> [Exercise brief]
Output every line of the material exactly, omitting images.

--- Data shown Enclosed Below ---

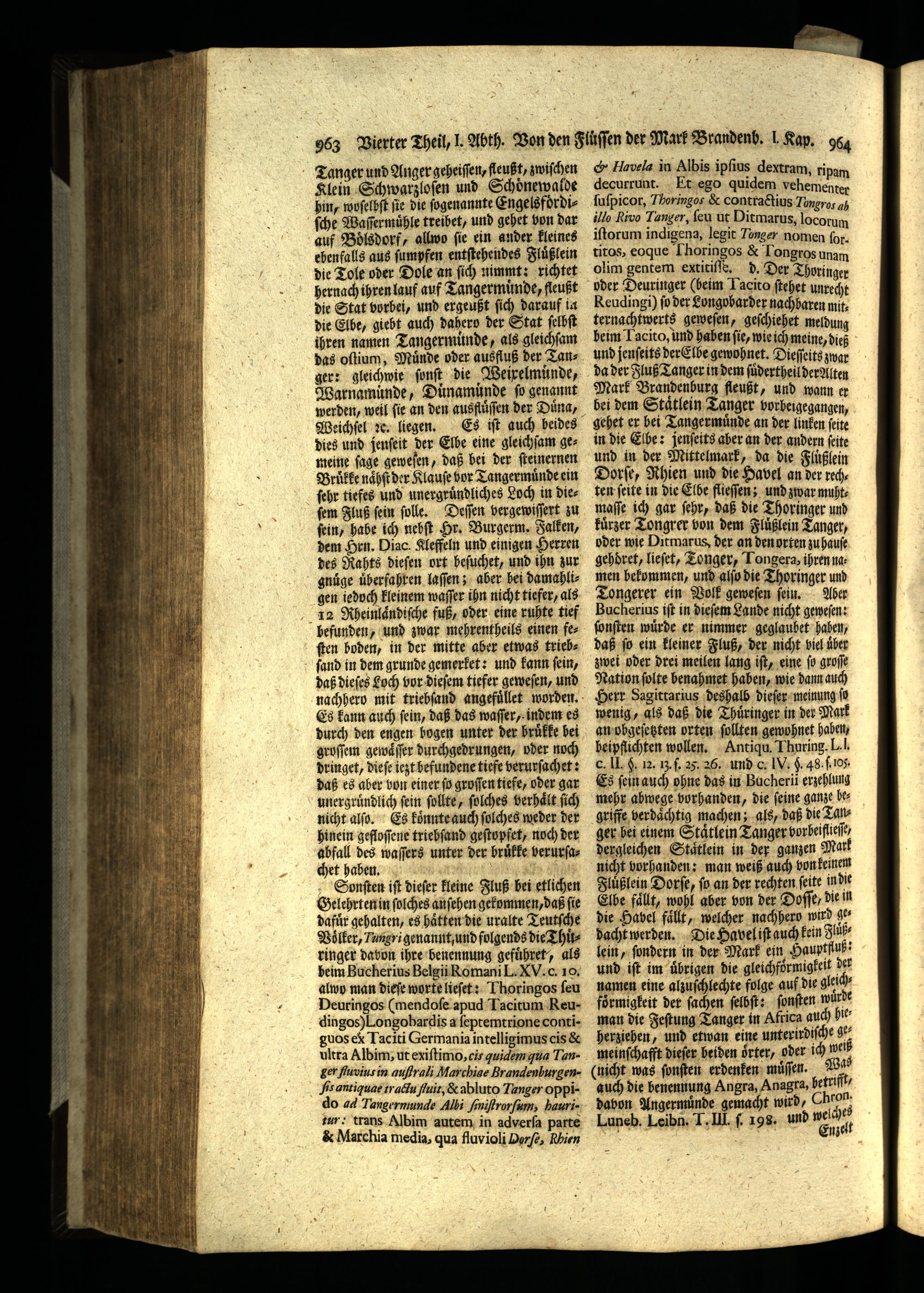 & Havela in Albis ipſius dextram, ripam decurrunt. Et ego quidem vehementer ſuſpicor, horingos& contractius Jungros g; illo Rivo Tanger, ſeu ut Ditmarus, locorum iſtorum indigena, legit Junger nomen ſor. titos, eoque LThoringos& Longros unam olim gentem extitiſſe. d. Der Thoringer oder Deuringer(beim Lacito ſtehet unrecht Reudingi) ſo der Longobarder nachbaren mit; ternachtwerts geweſen, geſchiehet meldung beim Tacito, und haben ſie, wie ich meine, dieß und jenſeits der Elbe gewohnet. Dieſſeits zwar da der Jluß Tanger in dem ſůdertheil derꝛllten Mark Brandenburg fleußt, und wann er bei dem Staͤtlein Tanger vorbeigegangen, gehet er bei Tangermünde an der linken ſeite in die Elbe: jenſeits aber an der andern ſeite und in der Mittelmark, da die Flüßlein Dorſe, Rhien und die Havel an der rech= ten ſeite in die Elbe flieſſen; und zwar muhtmaſſe ich gar ſehr, daß die Thoringer und kurzer Tongrer von dem Fluͤßlein Tanger, oder wie Ditmarus, der an den orten zu baufe gehdret, lieſet, Longer, Tongera, ihren namen bekommen, und alſo die Thoringer und Tongerer ein Volk geweſen fein. Aber
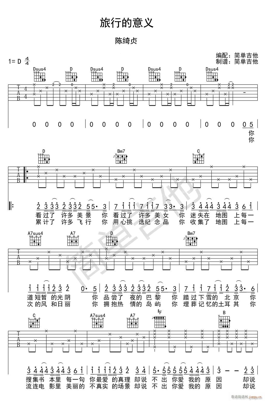 公众号:绵羊乐谱 旅行的意义 ( D调原版编配)免费弹唱吉他谱_六线谱/词曲:陈绮贞 点击: 1000 图片可能经过缩放,手机长按或点开后长按保存,电脑鼠标右键保存. (简单吉他) 公众号:绵羊乐谱 | 官方QQ群:978773290 不吃独食,学会分享!本文链接:http://www.shaomingyang.com/btb/30218.html 转载请标明出处,尊重原创(๑╹◡╹)ノ。如信息有误或版权疑问,请通过网站底部联系我们会第一时间处理,感谢理解支持(◕ᴗ◕✿)!
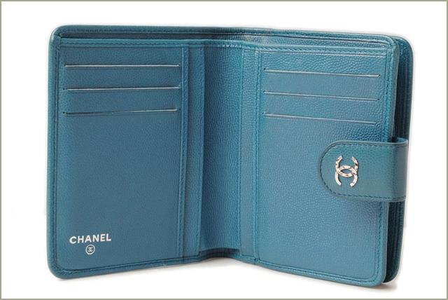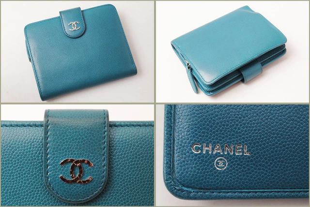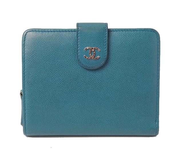 CHANEL 折財布 ミニキャビアスキン セブルガ ブルー

--- End of Enclosed Data shown ---

> [Written response]
 & Havela in Albis ipſius dextram, ripam decurrunt. Et ego quidem vehementer ſuſpicor, horingos& contractius Jungros g; illo Rivo Tanger, ſeu ut Ditmarus, locorum iſtorum indigena, legit Junger nomen ſor. titos, eoque LThoringos& Longros unam olim gentem extitiſſe. d. Der Thoringer oder Deuringer(beim Lacito ſtehet unrecht Reudingi) ſo der Longobarder nachbaren mit; ternachtwerts geweſen, geſchiehet meldung beim Tacito, und haben ſie, wie ich meine, dieß und jenſeits der Elbe gewohnet. Dieſſeits zwar da der Jluß Tanger in dem ſůdertheil derꝛllten Mark Brandenburg fleußt, und wann er bei dem Staͤtlein Tanger vorbeigegangen, gehet er bei Tangermünde an der linken ſeite in die Elbe: jenſeits aber an der andern ſeite und in der Mittelmark, da die Flüßlein Dorſe, Rhien und die Havel an der rech= ten ſeite in die Elbe flieſſen; und zwar muhtmaſſe ich gar ſehr, daß die Thoringer und kurzer Tongrer von dem Fluͤßlein Tanger, oder wie Ditmarus, der an den orten zu baufe gehdret, lieſet, Longer, Tongera, ihren namen bekommen, und alſo die Thoringer und Tongerer ein Volk geweſen fein. Aber
 公众号:绵羊乐谱 旅行的意义 ( D调原版编配)免费弹唱吉他谱_六线谱/词曲:陈绮贞 点击: 1000 图片可能经过缩放,手机长按或点开后长按保存,电脑鼠标右键保存. (简单吉他) 公众号:绵羊乐谱 | 官方QQ群:978773290 不吃独食,学会分享!本文链接:http://www.shaomingyang.com/btb/30218.html 转载请标明出处,尊重原创(๑╹◡╹)ノ。如信息有误或版权疑问,请通过网站底部联系我们会第一时间处理,感谢理解支持(◕ᴗ◕✿)!
 CHANEL 折財布 ミニキャビアスキン セブルガ ブルー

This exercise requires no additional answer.